No buts about it, this movie tanked. It was a blip in the long, storied career of Tom Hanks, and stunted the rise of Meg Ryan's stardom. I don't think people got it. Perhaps the audience couldn't get past the scenario of a man who travels to an island of Waponis and jumps into a volcano. It sounds like it should be funny, but I wouldn't classify Joe Versus the Volcano as a straightforward comedy. Writer-director John Patrick Shanley does not really play this movie for laughs, but rather, for the heart. This is Shanley's first effort as a director (his second is the terrific Doubt, from '08), but Shanley is most notably a very successful playwright. And the man definitely has a way with words. Some of the dialogue from this movie really digs deep.
Shanley also assembles a remarkable cast, including Dan Hedaya as Joe's boss ("You watch it, mister! There's a woman in here!"), Robert Stack as the doctor who was paid off to diagnose him with a ridiculous disease (Patricia: "You were diagnosed with a brain cloud, and you didn't bother to ask for a second opinion?"), and Meg Ryan in not one but three roles. She does solid work here, though I wouldn't say her roles here are among her best. Her chemistry with Hanks, though, is sorely missed this day and age. Like Douglas and Turner, I wish they would make more movies together.
And Tom Hanks sells this movie. He made this after Big but it would be 3 years before he wins his first Oscar.

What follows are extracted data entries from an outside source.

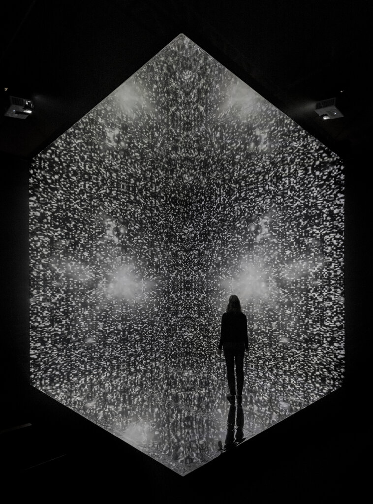 Stepping into the installation I am enveloped by darkness. It must be the beginning of the universe when nothing existed. Then some weak light grows, and I hang on to it with hope, as any little light is better than total darkness. Suddenly bright lights with impressive soundtracks surround me and it is almost too much, but I lose myself in this otherworldly installation and stop thinking. It surrounds me. As the story told by Elder Marie Gaudet (Turtle Clan Anishinaabe from Wikwemikong), a knowledge keeper and practitioner of healing songs and ceremonies, the installation invites us to reimagine creation. So, it seems I am inside the process of the creation that started, as the narrative says, with a single light emerging from the darkness. Am I swallowed by this installation? I feel I’m in the middle of it, totally absorbed by the darkening and lightening universe. It is a very complex world where dark, light, sound, narrative and music work together perfectly as I become part of the creation. It feels so good, uplifting and I am happy and amazed. Will I ever be able to leave it or do I want to stay inside and see what comes next? It is pulsating with energy, and I feel absorbed in it, an almost physical sensation. It is also very spiritual and mesmerizing. It was hard to distance myself from this installation and I needed some time to re-enter reality.
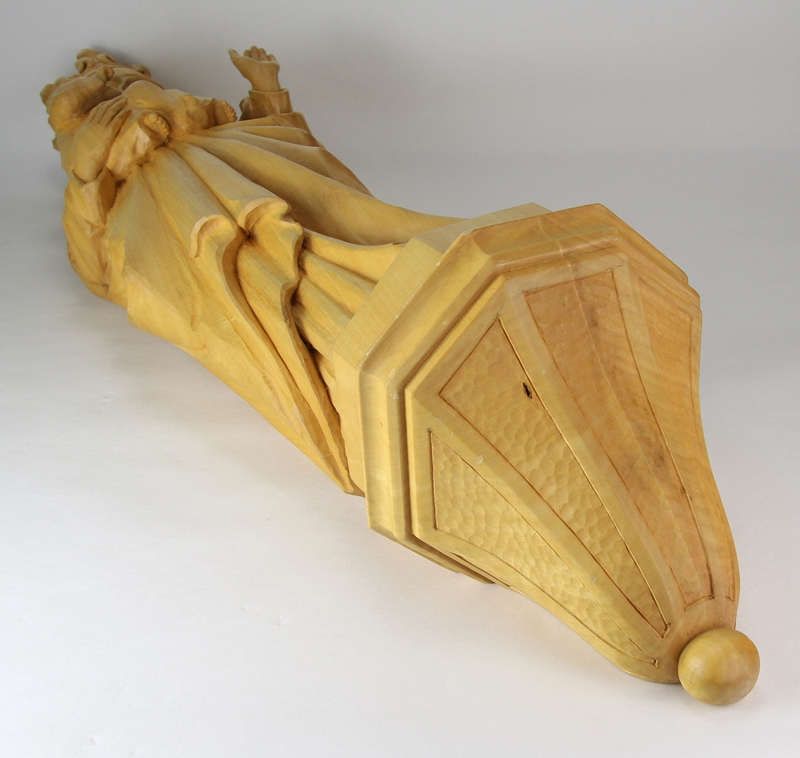 Franz Weber 1984. Holz geschnitzt. Mit dem passenden Wandsockel. Größe der Figur ca. 18 x 13 cm, Höhe ca. 76 cm, Gewicht ca. 4,3 Kilogramm. Schöner Zustand.
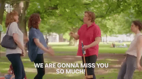Group of women in a park sharing an emotional farewell, with one woman holding a stick, expressing "WE ARE GONNA MISS YOU SO MUCH!".
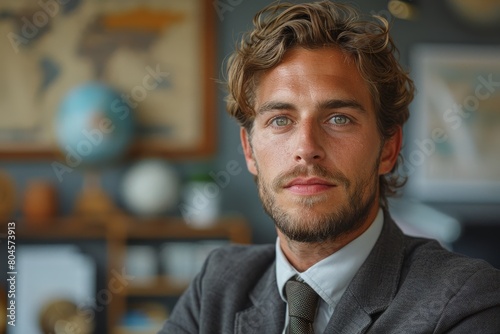 Mature professional man with an intense gaze sits confidently in a well-appointed office with a globe at the back
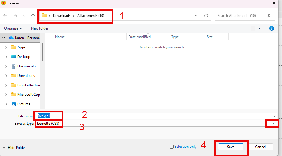 - Choose the location where you want to save the file. (see 1 below)
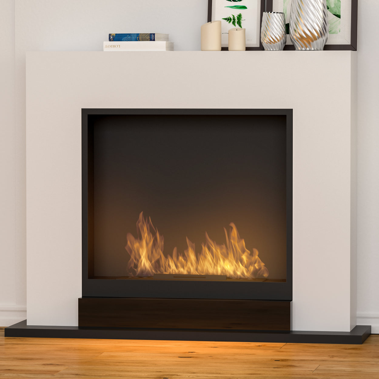 Met een breedte van 120 cm en een hoogte van 100 cm vormt de Inportal 2 een visueel anker in elke ruimte. De opbouw bestaat uit een robuuste MDF-constructie, strak gelakt in helder wit, met een subtiel profiel in de omlijsting dat doet denken aan klassieke schouwen – maar dan in een moderne uitvoering. Deze haard is ideaal als stijlvol alternatief voor een traditionele open haard en biedt dezelfde warme beleving, zónder rookkanaal of complexe installatie.
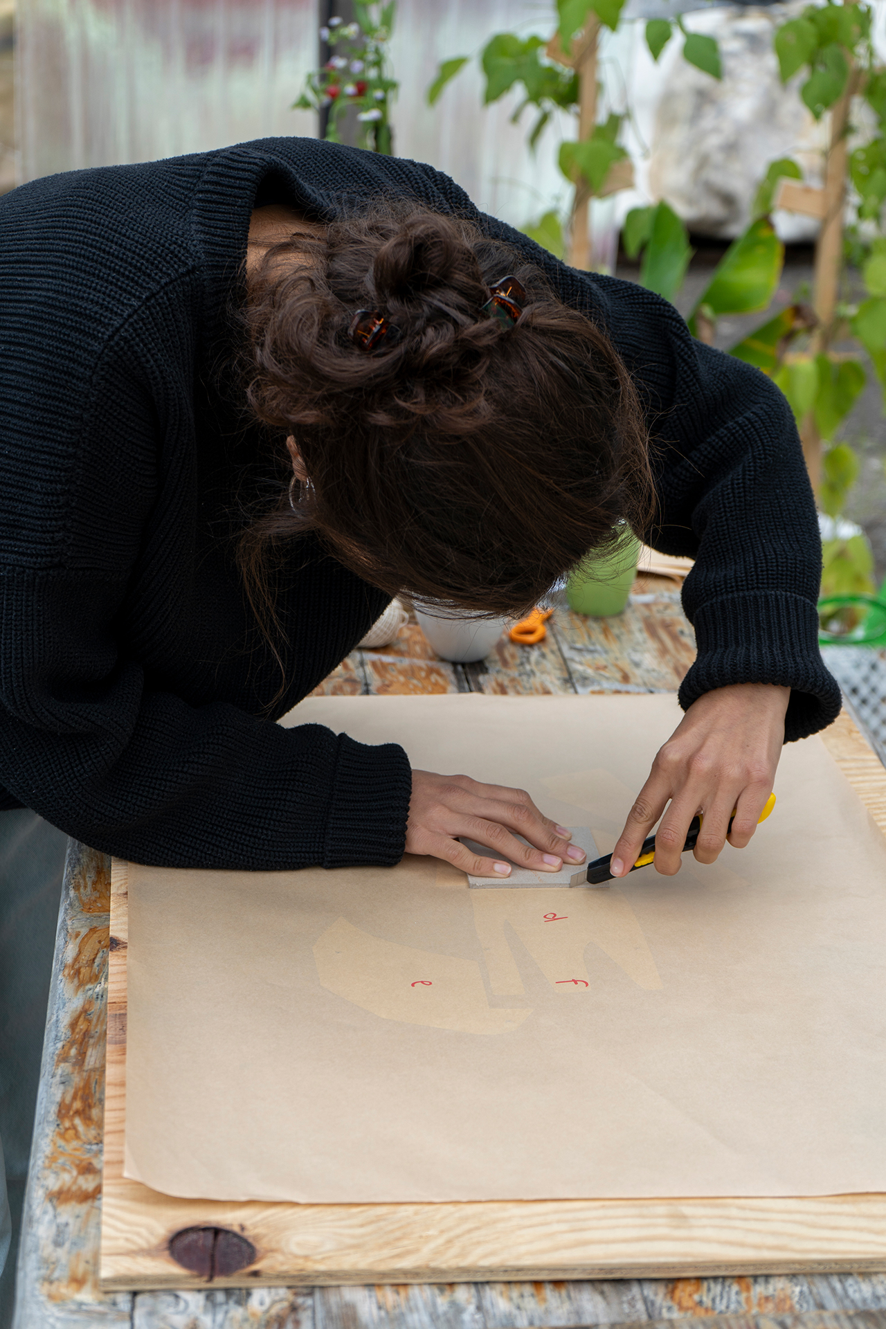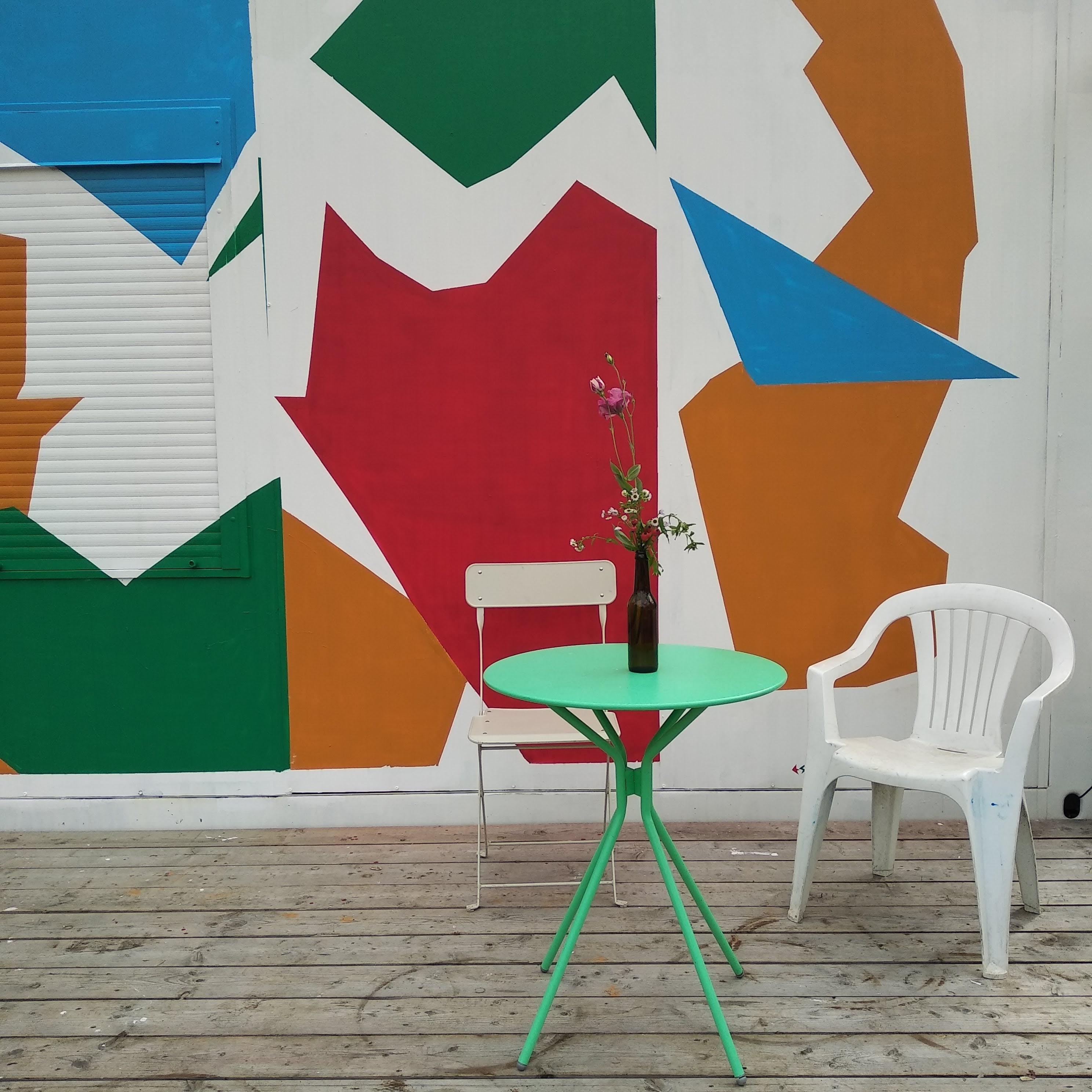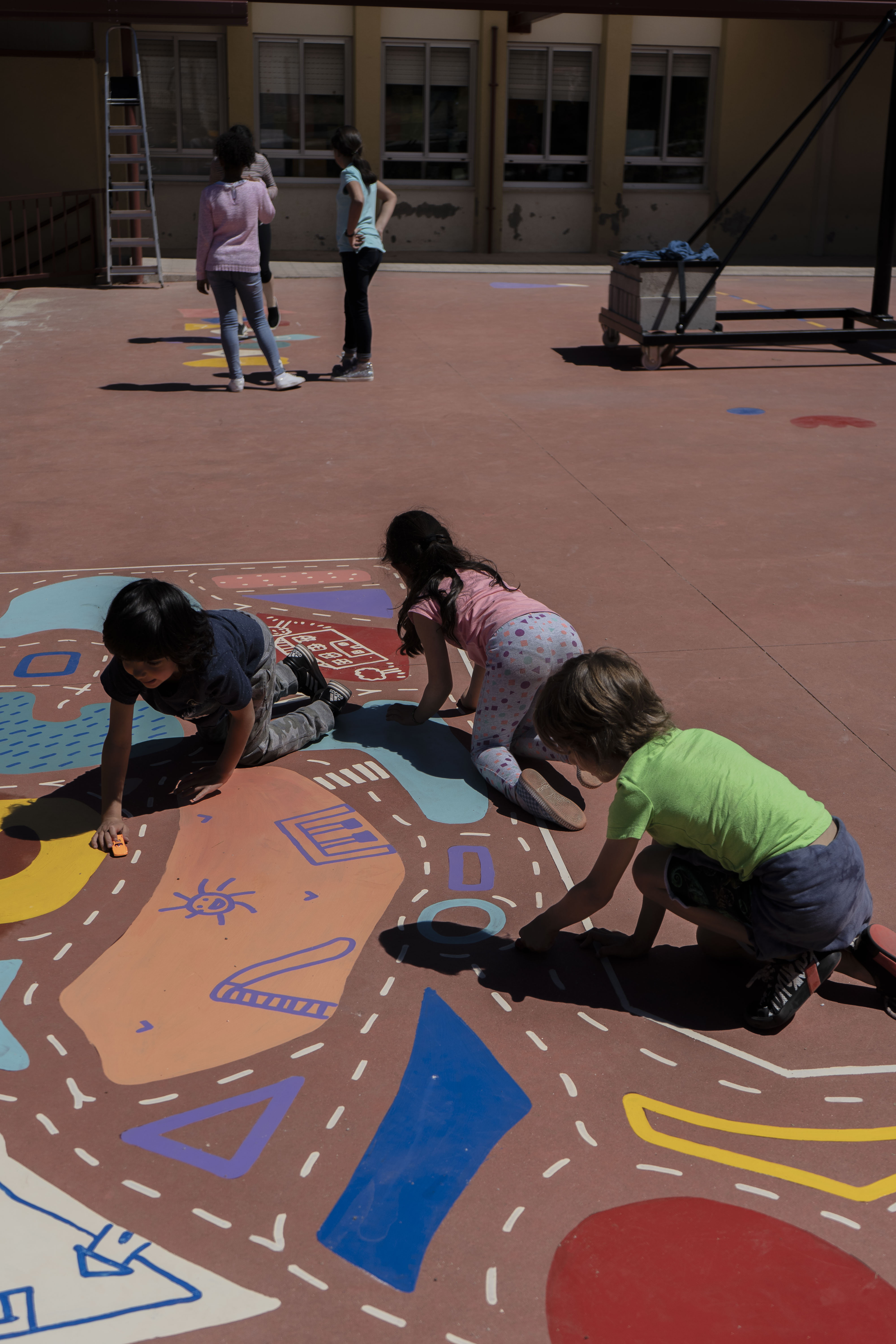 La composición de colores surge tras una charla con vecinos, en un taller con alumnos del IFE del IES Gabriela Mistral, en el que generamos una composición en cadenada de retratos obtenidos a través de un diagrama de araña sobre ellos y sus relaciones con el barrio.
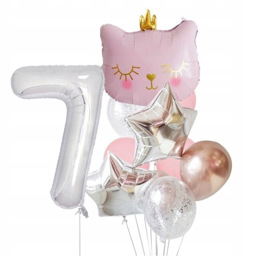 Zestaw balonów 7 siódme urodziny kotek kot różowy
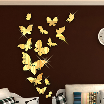 Mirror butterfly 3d stereo acrylic wall sticker drawing room Children's room Bedroom headboard Background wall Decorations
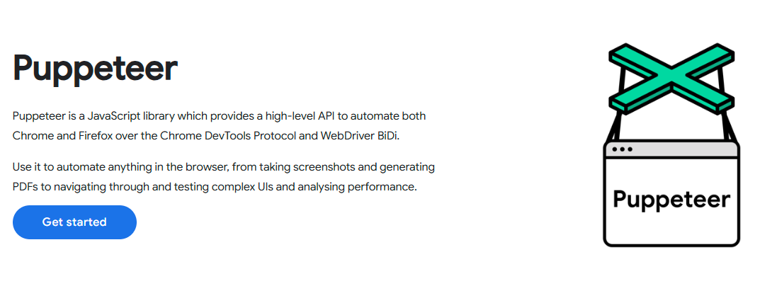 Puppeteer is a JavaScript library from Google that provides a high-level API for controlling Chrome and, more recently, Firefox (with some limitations). It excels at browser automation through code-driven interactions, defaults to headless mode, and offers granular control over web scraping operations.
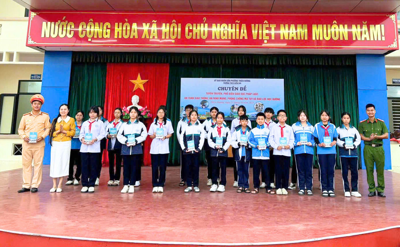 Đoàn Thanh niên phường Thiên Hương phối hợp với Công an phường tổ chức các buổi tuyên truyền về phòng, chống ma túy và an toàn giao thông tại Trụ sở UBND phường, trường THCS Hoàng Động và trường THCS Kiền Bái.
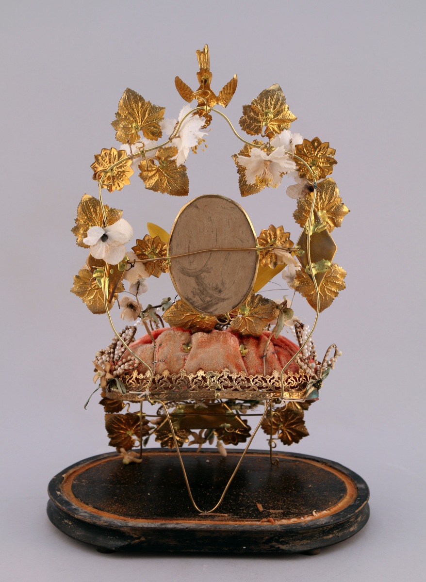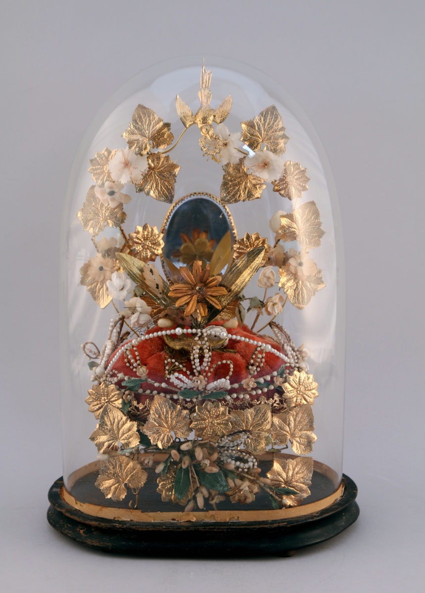 à riche décor de clinquants adoptant la forme de feuilles de vigne, fleurons et colombes articulé autour d'un coussin de velours corail. L'ensemble est agrémenté de fleurs en tissu, branche d'oranger en cire, perles et d'un miroir de forme ovale flanqué de deux miroirs de forme losangique. Le globe repose sur une base de forme ovale en bois noirci.

I think Joe Banks was his last truly "offbeat" character before he turned serious (though his role in The Ladykillers was an inspired choice, it just didn't gel). Funny thing is, though, I think Hanks would be just as good as Joe Banks today, as he was 21 years ago. Maybe even better.
And John Patrick Shanley, thank you for Joe Versus the Volcano.
"May you live to be a thousand years old, sir."